Each entry below should be echoed exactly, with pictures omitted.

Supplied data: Begin

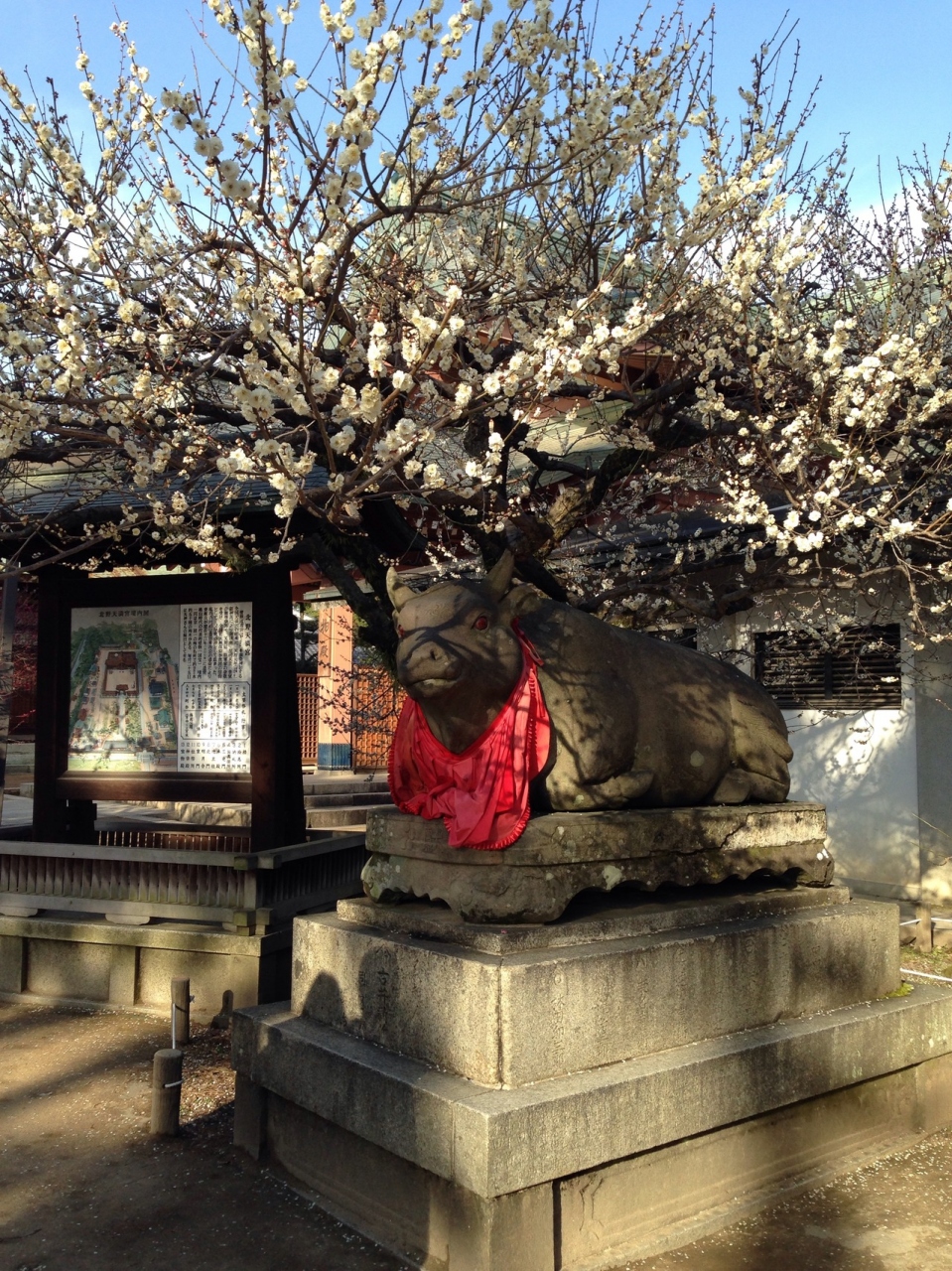 もう梅も咲き始めており、境内の撫で牛が梅の花に囲まれている姿に天満宮らしさを感じました。
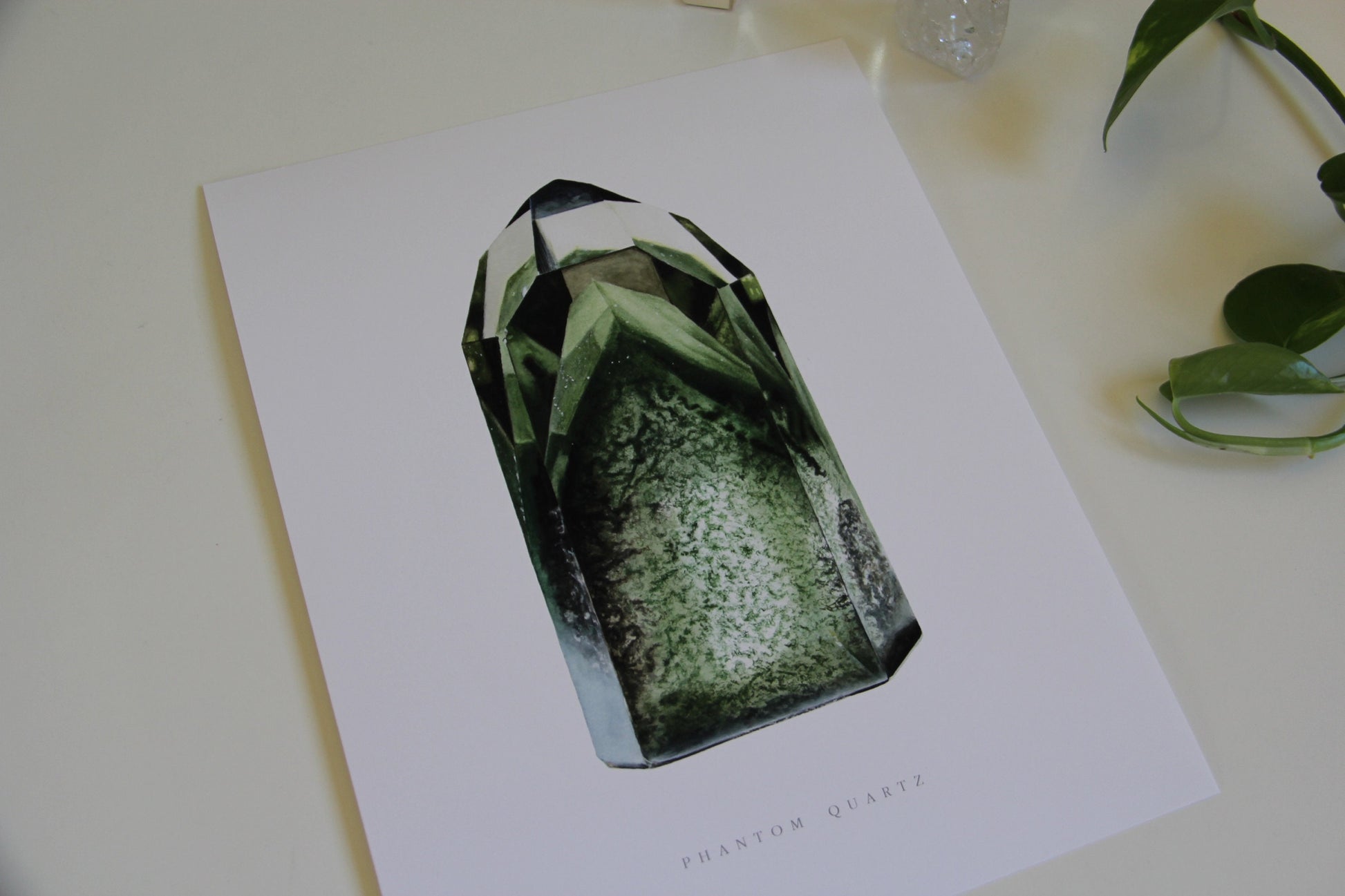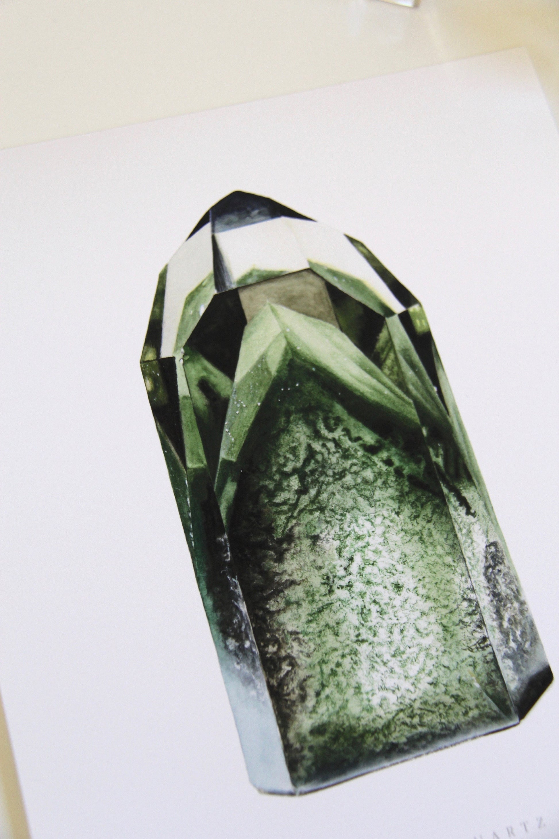 Crystal Print- Chlorite Phantom Quartz Watercolor Painting- Mineral Art, Mineral Specimen, Quartz Tower, Gemstone Art, Boho Wall Art
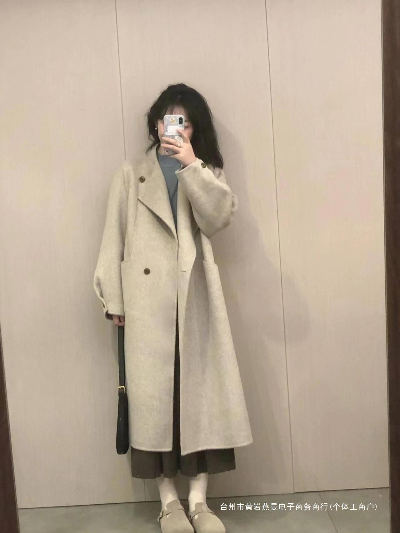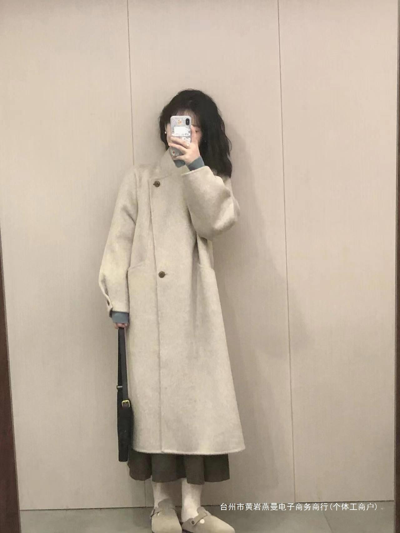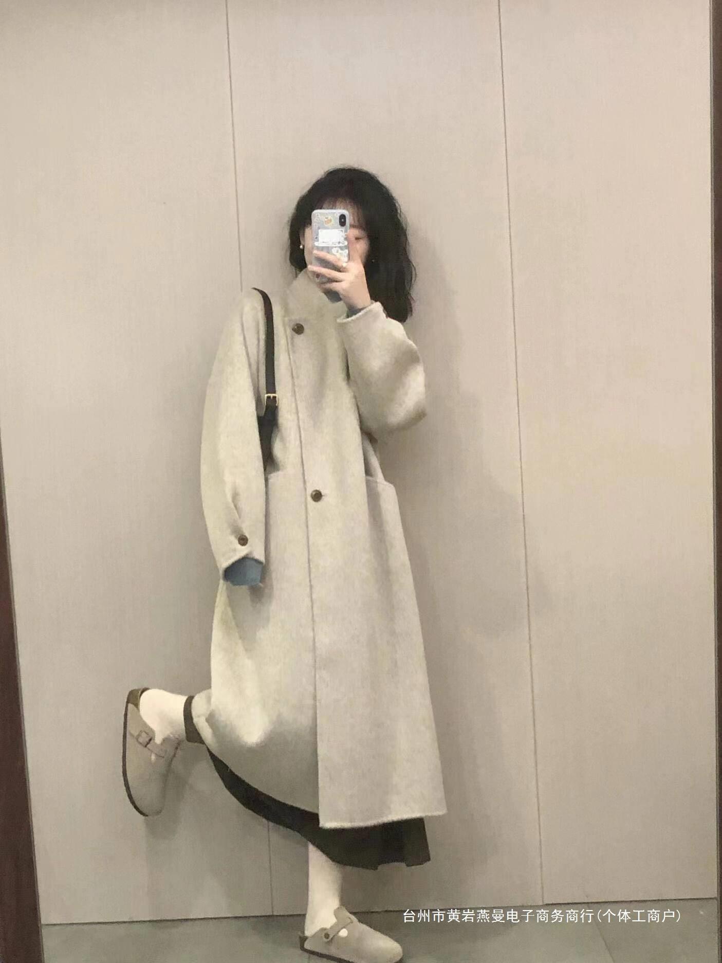 Abrigo de Lana Estilo Coreano para Mujer 2024 Otoño e Invierno Nuevo Abrigo de Lana Sensación Pequeño Estilo Perezoso Largo Medio
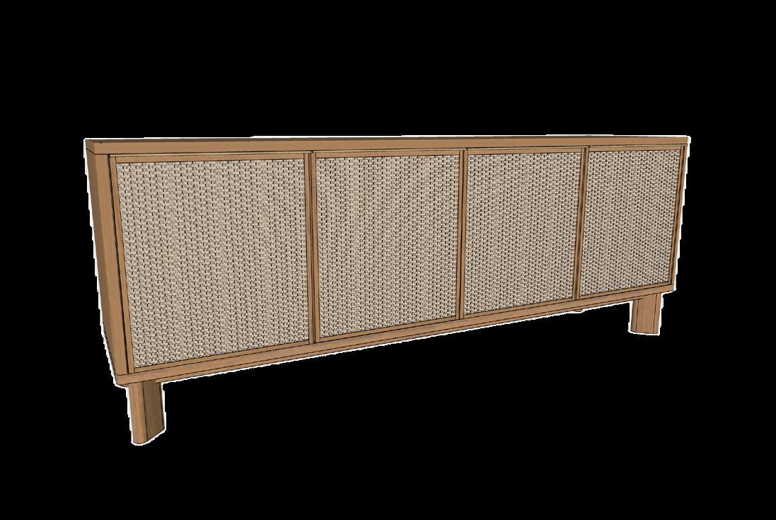 -Multiple Finishes: Included within the collection are light and dark teak woods, fabrics, woven material, and metals.
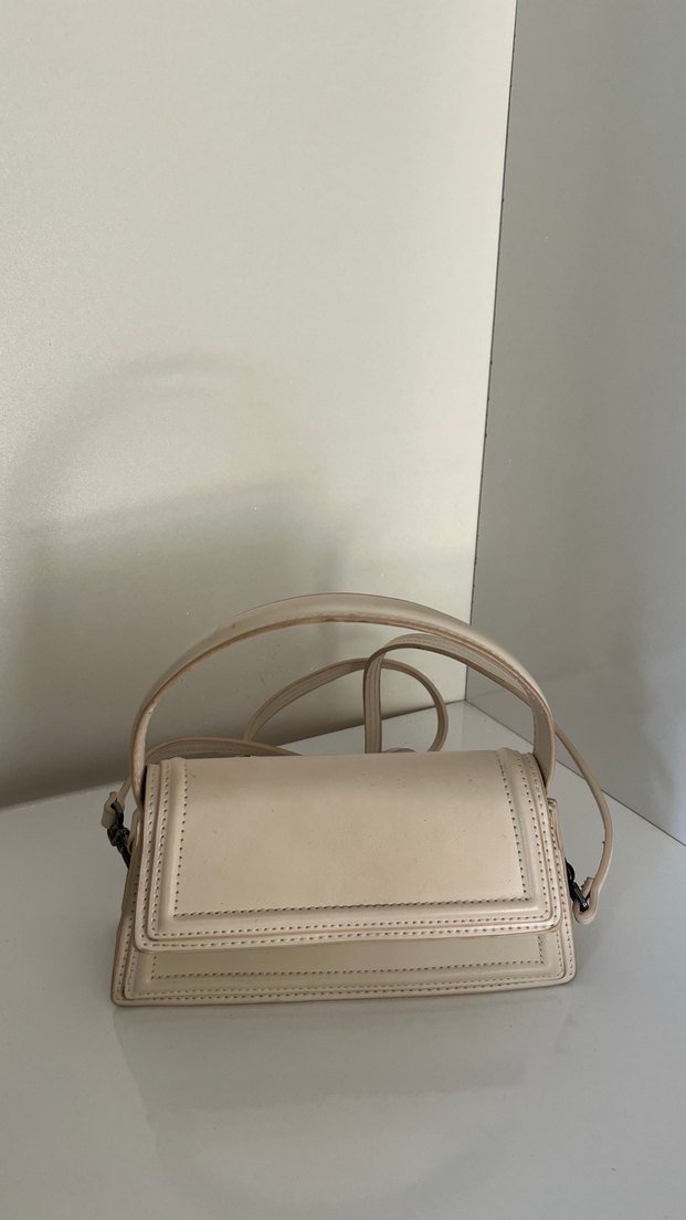 Bej deri kadın el çantası, sade ve desen içermeyen minimalist tasarıma sahiptir. Günlük kullanım için çağdaş ve şık bir görünüm sunar.
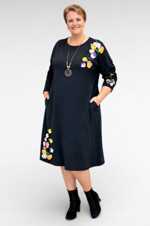 KL.689 – Must kollase- ja lillakirjute lilletikanditega taskutega kleit “Milve”

Supplied data: End

**Response area**.
 もう梅も咲き始めており、境内の撫で牛が梅の花に囲まれている姿に天満宮らしさを感じました。
 Crystal Print- Chlorite Phantom Quartz Watercolor Painting- Mineral Art, Mineral Specimen, Quartz Tower, Gemstone Art, Boho Wall Art
 Abrigo de Lana Estilo Coreano para Mujer 2024 Otoño e Invierno Nuevo Abrigo de Lana Sensación Pequeño Estilo Perezoso Largo Medio
 -Multiple Finishes: Included within the collection are light and dark teak woods, fabrics, woven material, and metals.
 Bej deri kadın el çantası, sade ve desen içermeyen minimalist tasarıma sahiptir. Günlük kullanım için çağdaş ve şık bir görünüm sunar.
 KL.689 – Must kollase- ja lillakirjute lilletikanditega taskutega kleit “Milve”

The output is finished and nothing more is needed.